Required action: Line by line, print the records exactly as they are, dropping the pictures.
Data under study START
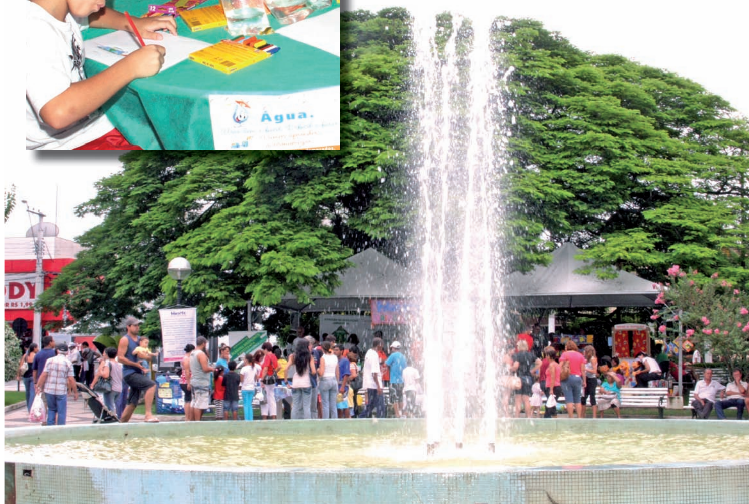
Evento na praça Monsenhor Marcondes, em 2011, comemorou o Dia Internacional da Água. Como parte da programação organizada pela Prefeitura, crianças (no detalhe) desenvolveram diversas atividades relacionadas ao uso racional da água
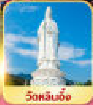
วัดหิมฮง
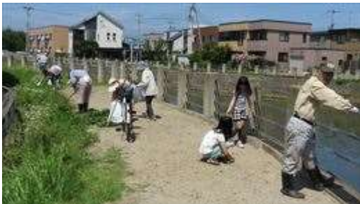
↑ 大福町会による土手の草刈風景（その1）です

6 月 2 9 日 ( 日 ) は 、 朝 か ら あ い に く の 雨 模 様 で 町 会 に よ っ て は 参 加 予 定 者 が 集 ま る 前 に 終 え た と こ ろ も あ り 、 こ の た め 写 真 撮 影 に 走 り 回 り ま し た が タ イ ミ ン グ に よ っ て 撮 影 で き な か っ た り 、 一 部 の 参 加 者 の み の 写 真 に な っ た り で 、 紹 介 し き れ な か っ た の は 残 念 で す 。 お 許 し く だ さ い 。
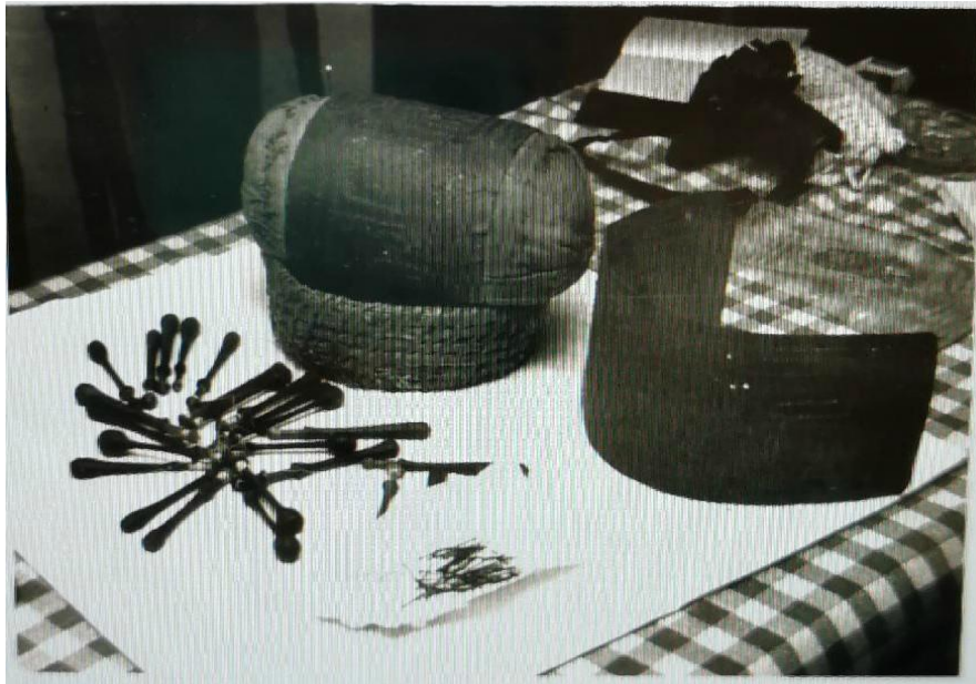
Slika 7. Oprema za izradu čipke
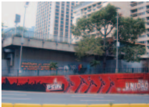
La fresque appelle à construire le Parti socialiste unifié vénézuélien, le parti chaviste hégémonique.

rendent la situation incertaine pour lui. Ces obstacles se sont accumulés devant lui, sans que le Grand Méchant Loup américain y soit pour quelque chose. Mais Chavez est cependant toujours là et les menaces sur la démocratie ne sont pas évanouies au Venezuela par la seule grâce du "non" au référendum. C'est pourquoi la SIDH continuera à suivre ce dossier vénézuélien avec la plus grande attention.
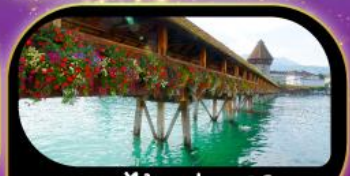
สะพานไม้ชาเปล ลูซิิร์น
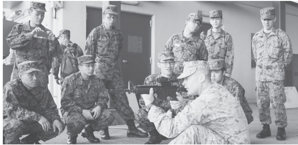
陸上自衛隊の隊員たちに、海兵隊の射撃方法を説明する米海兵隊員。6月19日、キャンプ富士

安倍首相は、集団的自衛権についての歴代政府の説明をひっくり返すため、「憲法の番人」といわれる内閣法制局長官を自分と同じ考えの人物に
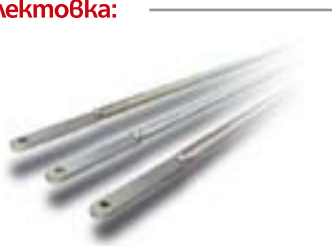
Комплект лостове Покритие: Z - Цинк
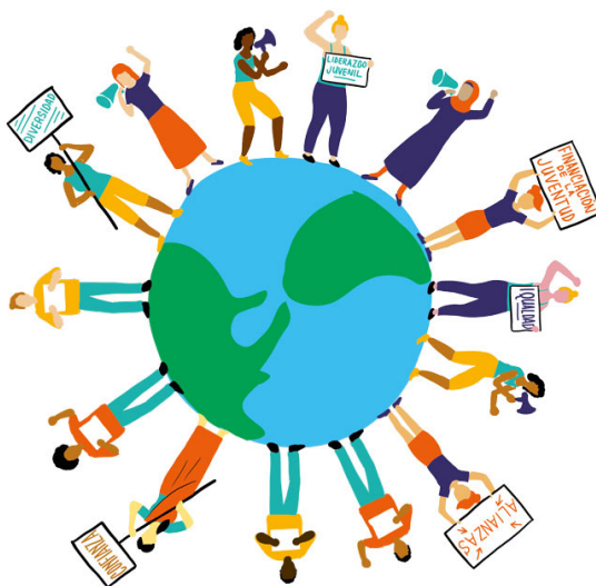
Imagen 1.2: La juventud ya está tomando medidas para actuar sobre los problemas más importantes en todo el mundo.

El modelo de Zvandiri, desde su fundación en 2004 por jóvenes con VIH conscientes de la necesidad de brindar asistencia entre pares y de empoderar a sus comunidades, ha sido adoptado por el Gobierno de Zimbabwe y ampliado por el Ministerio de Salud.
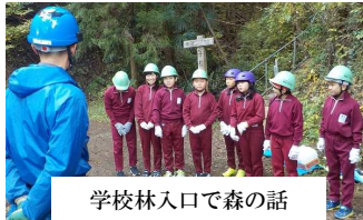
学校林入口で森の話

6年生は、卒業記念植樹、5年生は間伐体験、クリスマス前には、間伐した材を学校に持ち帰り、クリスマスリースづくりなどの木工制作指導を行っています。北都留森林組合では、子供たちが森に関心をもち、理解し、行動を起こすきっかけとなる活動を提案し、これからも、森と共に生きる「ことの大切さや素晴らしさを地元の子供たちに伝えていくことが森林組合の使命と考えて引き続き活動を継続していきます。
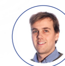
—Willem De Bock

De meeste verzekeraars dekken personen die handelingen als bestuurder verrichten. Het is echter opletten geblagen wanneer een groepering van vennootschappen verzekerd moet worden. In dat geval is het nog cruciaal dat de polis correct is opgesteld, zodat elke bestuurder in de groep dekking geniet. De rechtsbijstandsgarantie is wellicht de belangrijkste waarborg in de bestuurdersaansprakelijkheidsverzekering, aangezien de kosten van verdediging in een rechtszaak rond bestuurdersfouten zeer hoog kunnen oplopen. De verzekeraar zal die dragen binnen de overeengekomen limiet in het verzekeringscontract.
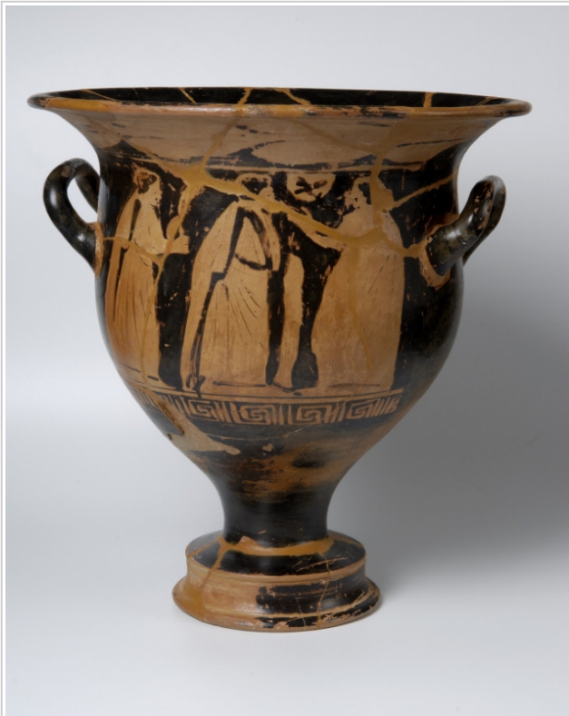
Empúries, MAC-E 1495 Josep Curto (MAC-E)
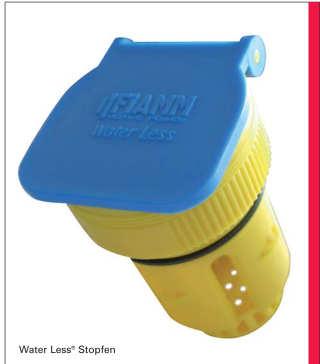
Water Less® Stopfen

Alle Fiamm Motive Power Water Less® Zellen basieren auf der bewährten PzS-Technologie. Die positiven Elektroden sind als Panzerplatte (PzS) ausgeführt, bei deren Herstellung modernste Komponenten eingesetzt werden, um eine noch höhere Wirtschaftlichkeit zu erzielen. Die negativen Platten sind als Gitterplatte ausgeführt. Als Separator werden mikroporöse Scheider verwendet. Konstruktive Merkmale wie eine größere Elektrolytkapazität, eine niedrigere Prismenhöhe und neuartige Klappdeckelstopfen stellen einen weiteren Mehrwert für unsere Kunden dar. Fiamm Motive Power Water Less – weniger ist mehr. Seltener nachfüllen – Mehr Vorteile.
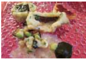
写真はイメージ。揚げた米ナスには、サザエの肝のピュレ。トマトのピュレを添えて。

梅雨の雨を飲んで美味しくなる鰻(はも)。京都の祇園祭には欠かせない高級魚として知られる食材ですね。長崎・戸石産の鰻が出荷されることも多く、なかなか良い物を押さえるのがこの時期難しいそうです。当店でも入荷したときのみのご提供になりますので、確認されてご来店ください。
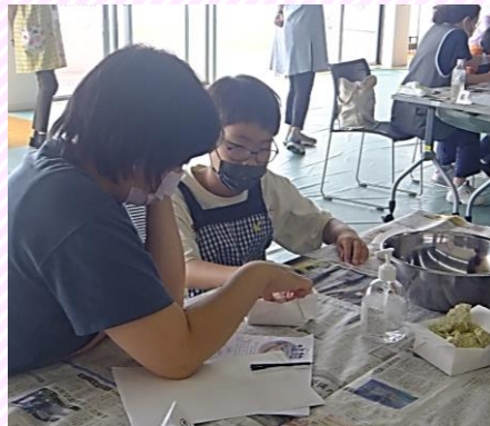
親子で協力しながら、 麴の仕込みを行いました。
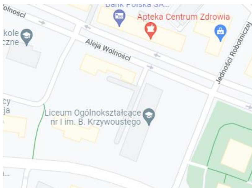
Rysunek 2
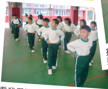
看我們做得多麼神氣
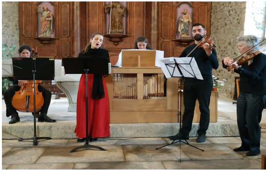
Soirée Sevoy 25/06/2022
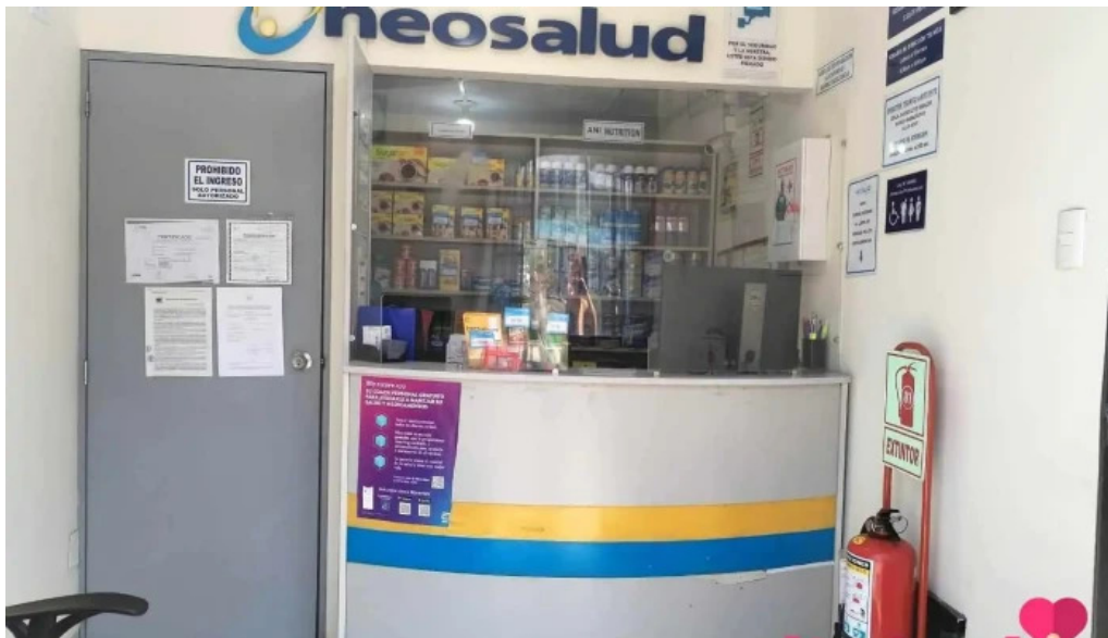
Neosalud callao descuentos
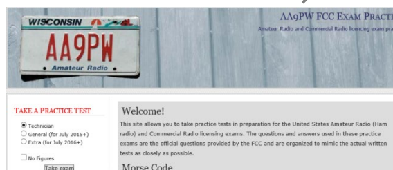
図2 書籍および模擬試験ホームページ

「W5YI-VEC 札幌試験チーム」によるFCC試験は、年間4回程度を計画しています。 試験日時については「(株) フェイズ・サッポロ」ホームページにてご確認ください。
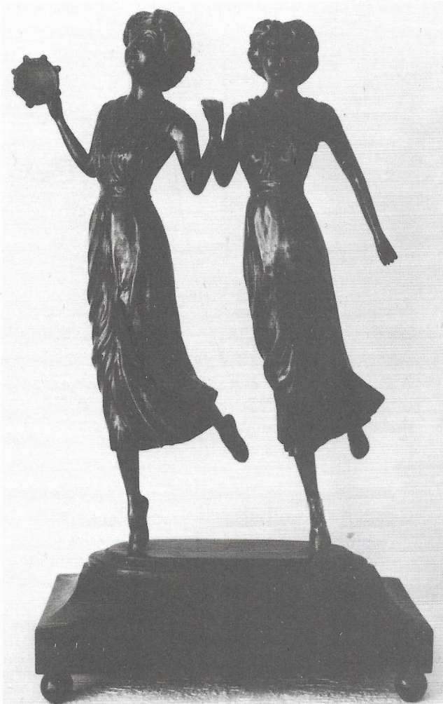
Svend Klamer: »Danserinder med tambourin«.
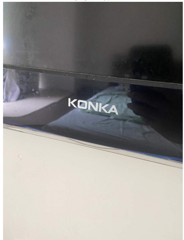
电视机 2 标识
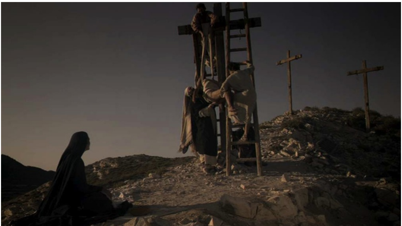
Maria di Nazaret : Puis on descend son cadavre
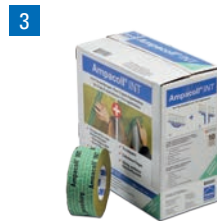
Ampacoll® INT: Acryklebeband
Data under study END
Task result:
Evento na praça Monsenhor Marcondes, em 2011, comemorou o Dia Internacional da Água. Como parte da programação organizada pela Prefeitura, crianças (no detalhe) desenvolveram diversas atividades relacionadas ao uso racional da água
วัดหิมฮง
↑ 大福町会による土手の草刈風景（その1）です

6 月 2 9 日 ( 日 ) は 、 朝 か ら あ い に く の 雨 模 様 で 町 会 に よ っ て は 参 加 予 定 者 が 集 ま る 前 に 終 え た と こ ろ も あ り 、 こ の た め 写 真 撮 影 に 走 り 回 り ま し た が タ イ ミ ン グ に よ っ て 撮 影 で き な か っ た り 、 一 部 の 参 加 者 の み の 写 真 に な っ た り で 、 紹 介 し き れ な か っ た の は 残 念 で す 。 お 許 し く だ さ い 。
Slika 7. Oprema za izradu čipke
La fresque appelle à construire le Parti socialiste unifié vénézuélien, le parti chaviste hégémonique.

rendent la situation incertaine pour lui. Ces obstacles se sont accumulés devant lui, sans que le Grand Méchant Loup américain y soit pour quelque chose. Mais Chavez est cependant toujours là et les menaces sur la démocratie ne sont pas évanouies au Venezuela par la seule grâce du "non" au référendum. C'est pourquoi la SIDH continuera à suivre ce dossier vénézuélien avec la plus grande attention.
สะพานไม้ชาเปล ลูซิิร์น
陸上自衛隊の隊員たちに、海兵隊の射撃方法を説明する米海兵隊員。6月19日、キャンプ富士

安倍首相は、集団的自衛権についての歴代政府の説明をひっくり返すため、「憲法の番人」といわれる内閣法制局長官を自分と同じ考えの人物に
Комплект лостове Покритие: Z - Цинк
Imagen 1.2: La juventud ya está tomando medidas para actuar sobre los problemas más importantes en todo el mundo.

El modelo de Zvandiri, desde su fundación en 2004 por jóvenes con VIH conscientes de la necesidad de brindar asistencia entre pares y de empoderar a sus comunidades, ha sido adoptado por el Gobierno de Zimbabwe y ampliado por el Ministerio de Salud.
学校林入口で森の話

6年生は、卒業記念植樹、5年生は間伐体験、クリスマス前には、間伐した材を学校に持ち帰り、クリスマスリースづくりなどの木工制作指導を行っています。北都留森林組合では、子供たちが森に関心をもち、理解し、行動を起こすきっかけとなる活動を提案し、これからも、森と共に生きる「ことの大切さや素晴らしさを地元の子供たちに伝えていくことが森林組合の使命と考えて引き続き活動を継続していきます。
—Willem De Bock

De meeste verzekeraars dekken personen die handelingen als bestuurder verrichten. Het is echter opletten geblagen wanneer een groepering van vennootschappen verzekerd moet worden. In dat geval is het nog cruciaal dat de polis correct is opgesteld, zodat elke bestuurder in de groep dekking geniet. De rechtsbijstandsgarantie is wellicht de belangrijkste waarborg in de bestuurdersaansprakelijkheidsverzekering, aangezien de kosten van verdediging in een rechtszaak rond bestuurdersfouten zeer hoog kunnen oplopen. De verzekeraar zal die dragen binnen de overeengekomen limiet in het verzekeringscontract.
Empúries, MAC-E 1495 Josep Curto (MAC-E)
Water Less® Stopfen

Alle Fiamm Motive Power Water Less® Zellen basieren auf der bewährten PzS-Technologie. Die positiven Elektroden sind als Panzerplatte (PzS) ausgeführt, bei deren Herstellung modernste Komponenten eingesetzt werden, um eine noch höhere Wirtschaftlichkeit zu erzielen. Die negativen Platten sind als Gitterplatte ausgeführt. Als Separator werden mikroporöse Scheider verwendet. Konstruktive Merkmale wie eine größere Elektrolytkapazität, eine niedrigere Prismenhöhe und neuartige Klappdeckelstopfen stellen einen weiteren Mehrwert für unsere Kunden dar. Fiamm Motive Power Water Less – weniger ist mehr. Seltener nachfüllen – Mehr Vorteile.
写真はイメージ。揚げた米ナスには、サザエの肝のピュレ。トマトのピュレを添えて。

梅雨の雨を飲んで美味しくなる鰻(はも)。京都の祇園祭には欠かせない高級魚として知られる食材ですね。長崎・戸石産の鰻が出荷されることも多く、なかなか良い物を押さえるのがこの時期難しいそうです。当店でも入荷したときのみのご提供になりますので、確認されてご来店ください。
親子で協力しながら、 麴の仕込みを行いました。
Rysunek 2
看我們做得多麼神氣
Soirée Sevoy 25/06/2022
Neosalud callao descuentos
図2 書籍および模擬試験ホームページ

「W5YI-VEC 札幌試験チーム」によるFCC試験は、年間4回程度を計画しています。 試験日時については「(株) フェイズ・サッポロ」ホームページにてご確認ください。
Svend Klamer: »Danserinder med tambourin«.
电视机 2 标识
Maria di Nazaret : Puis on descend son cadavre
Ampacoll® INT: Acryklebeband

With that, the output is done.